Dataset records
##############################
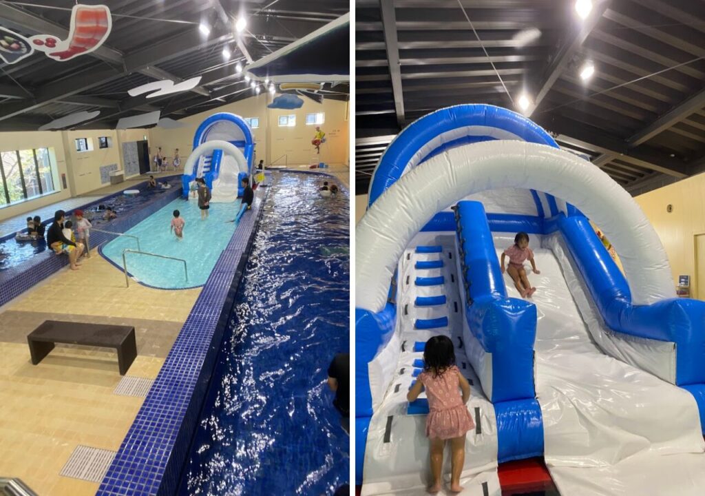 2023年夏に新設された流れるプールの真ん中にも子ども向けのすべり台があります。エアータイプなので転んでもいたくないものうれしいポイント。オムツの赤ちゃんも楽しそうにすべっていました。小学3年生まで利用できます!
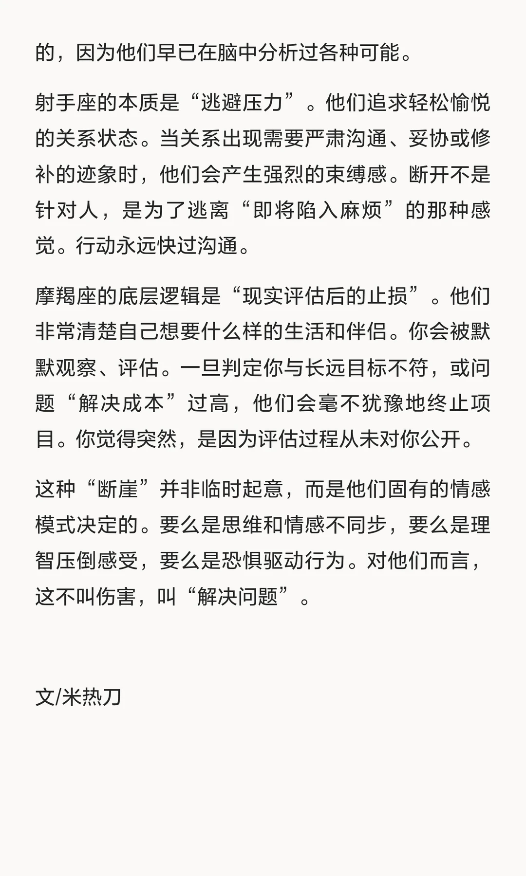 这几个星座的“断崖”并非临时起意,而是他们固有的情感模式决定的。要么是思维和情感不同步,要么是理智压倒感受,要么是恐惧驱动行为。对他们而言,这不叫伤害,叫“解决问题”。
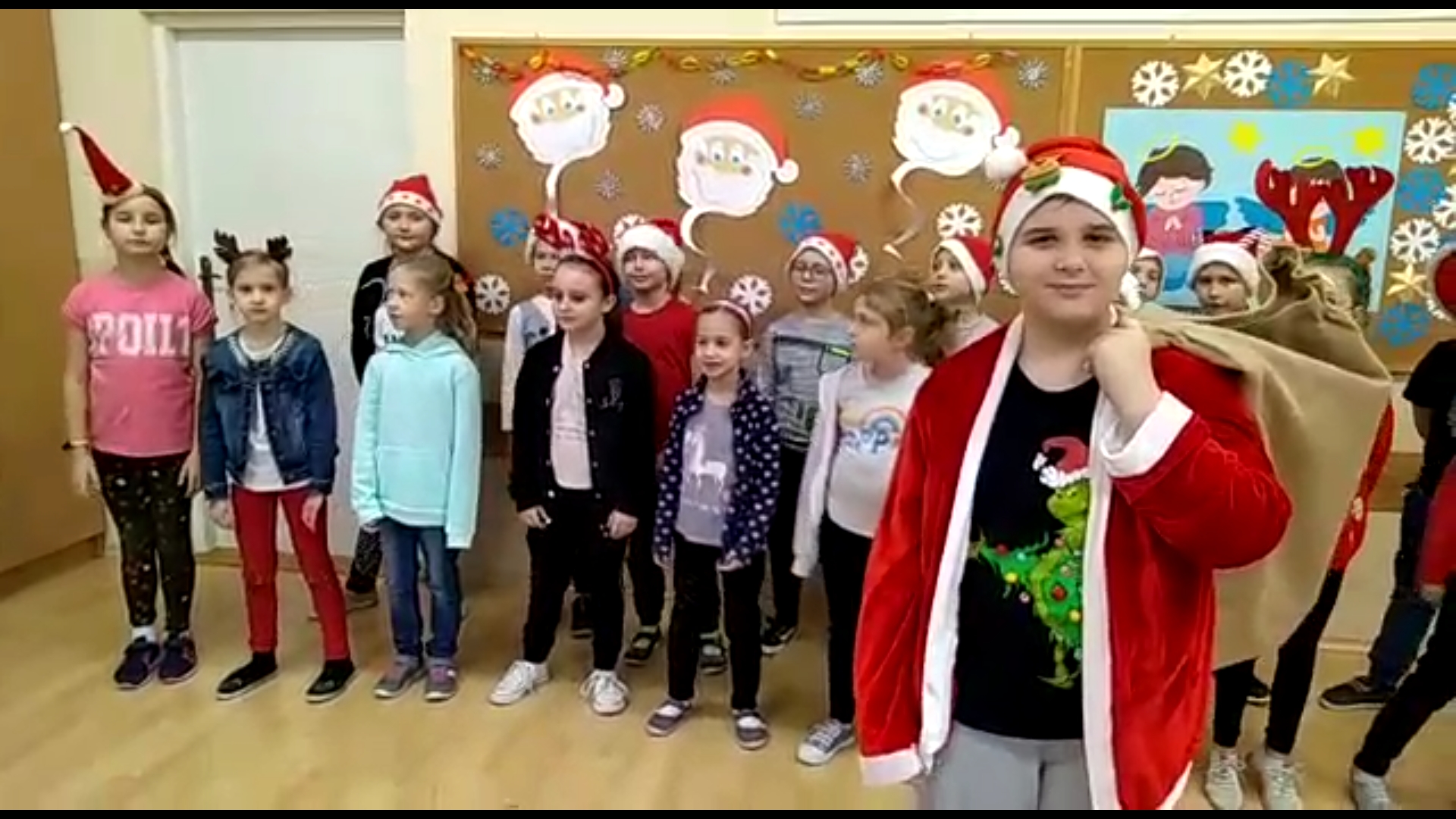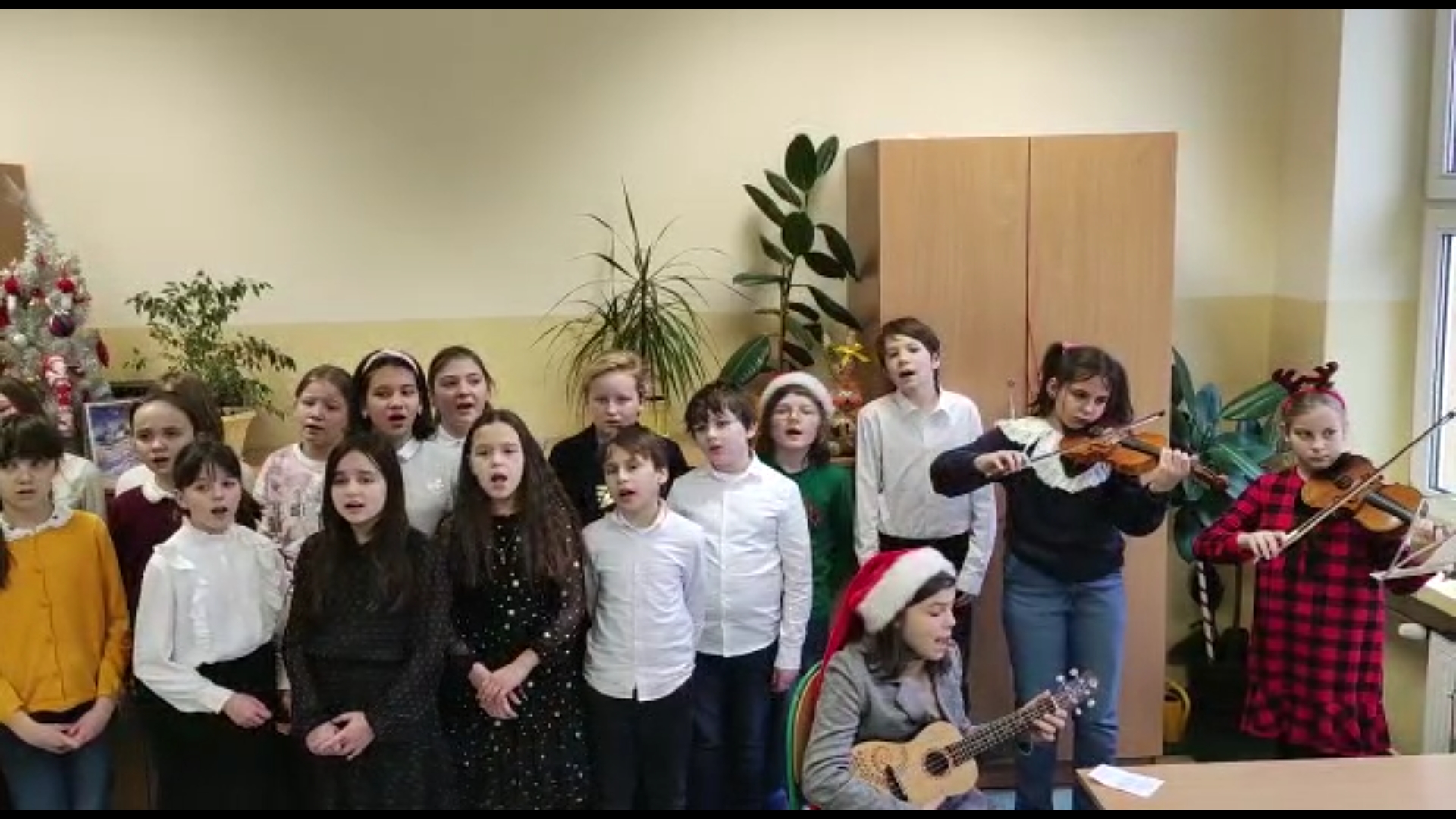 Początkiem grudnia w naszej szkole został ogłoszony konkurs piosenki świątecznej, do udziału w którym zaprosiliśmy wszystkie klasy. Przez kolejne tygodnie uczniowie pracowicie się do niego przygotowywali szlifując swoje umiejętności wokalne oraz atrakcyjne wykonanie utworu. Ostatecznie w walce o wygraną wzięło udział 13 klas. Repertuar był dość szeroki, wykonania nie powtarzały się, kilka klas zdecydowało się na wykonanie utworu w języku angielskim. Każda klasa nagrała swój występ i przesłała do jury, w którego skład wchodziły następujące osoby: Wicedyrektor pani Dagmara Koczur, nauczyciel muzyki pani Joanna Knurowska, wychowawcy świetlicy pani Anna Jarnot, pani Ewa Jaskółka i pani Martyna Michałek. Komisja wyłoniła zwycięzców w trzech kategoriach: klasy I-III, klasy IV-VI, klasy VII- VIII. Ocenie podlegały następujące elementy: umiejętności wokalne, atrybuty wykorzystane podczas nagrania, zgodność z tematyką oraz odśpiewanie utworu z pamięci. Komisja po odsłuchaniu wszystkich nagrań i długich naradach dokonała wyboru. Wśród najmłodszych zwycięzcami została klasa II A z piosenką „Ding dong”, w kategorii klas IV-VI - klasa V B z kolędą „Pójdźmy wszyscy do stajenki” a zwycięzcami w najstarszych klasach została 7 C w wykonaniu kolędy „Przybieżeli do Betlejem pasterze”. Zwycięzcom serdecznie gratulujemy!
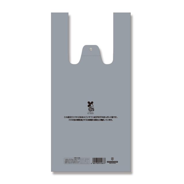 バイオマス素材の配合率が25%以上の商品で、有料化対象外(無料で提供できる)の買物袋です。
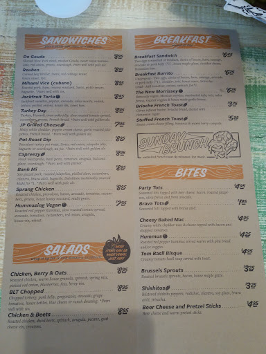 The sandwiches are worth your time, but beware that each one has an extra superfluous ingredient added by a hipster; for example, the pot roast sandwich would have been perfect if theyd left off the jalapeno jelly - it added no real flavor or heat and ruined the sandwich by making everything taste sugary. Skip the tots - they were all cold, mushy, and flavorless. The pretzels and beer cheese are very good. Service was a bit on the slow side. Ill be back for a sandwich...minus any unnecessary ingredients.
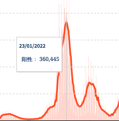 全程中,最高峰值我们放大来看一下,出现在2022年1月,日增超过了36万:
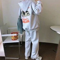 러브앤시티 남녀공용 *특양면/기모 선택* 프렌치불독 후드 트레이닝세트 스트링팬츠 상하세트 오버핏 빅사이즈 후드티 셋업
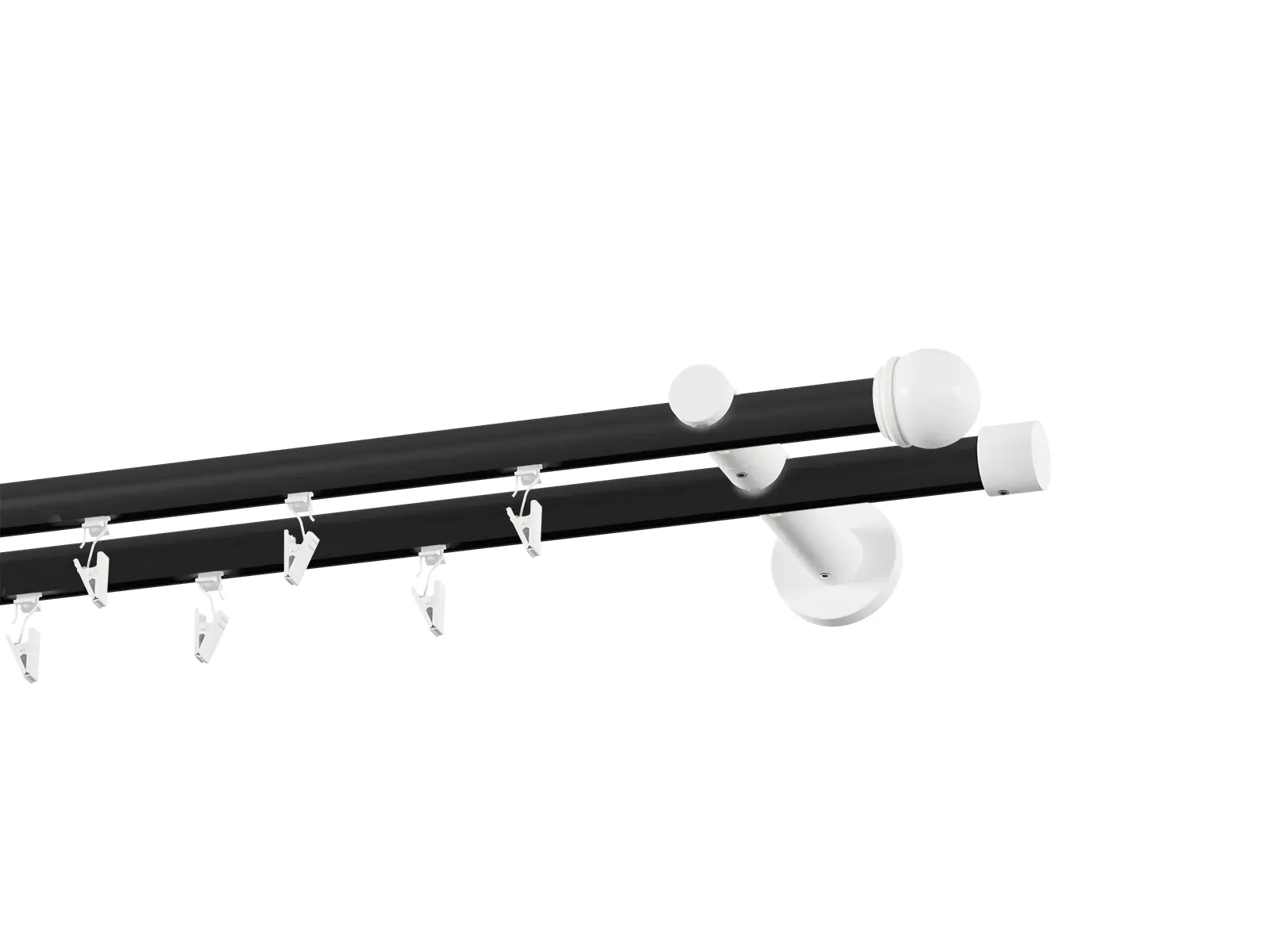 Dvouřadá drážková garnýž s povrchovou úpravou - černo bílá lakovaná. Garnyže jsou dodávány jsou v kompletech. Tvar koncovky a typ držáku dle zadaného výběru.
##############################
PROBLEM STATEMENT: Leave out the pictures, and retype exactly the lines from the one containing "러브앤시티 남녀공용 *특양면/기모" through the final line of the data.

RESULT OF THE EXERCISE:
 러브앤시티 남녀공용 *특양면/기모 선택* 프렌치불독 후드 트레이닝세트 스트링팬츠 상하세트 오버핏 빅사이즈 후드티 셋업
 Dvouřadá drážková garnýž s povrchovou úpravou - černo bílá lakovaná. Garnyže jsou dodávány jsou v kompletech. Tvar koncovky a typ držáku dle zadaného výběru.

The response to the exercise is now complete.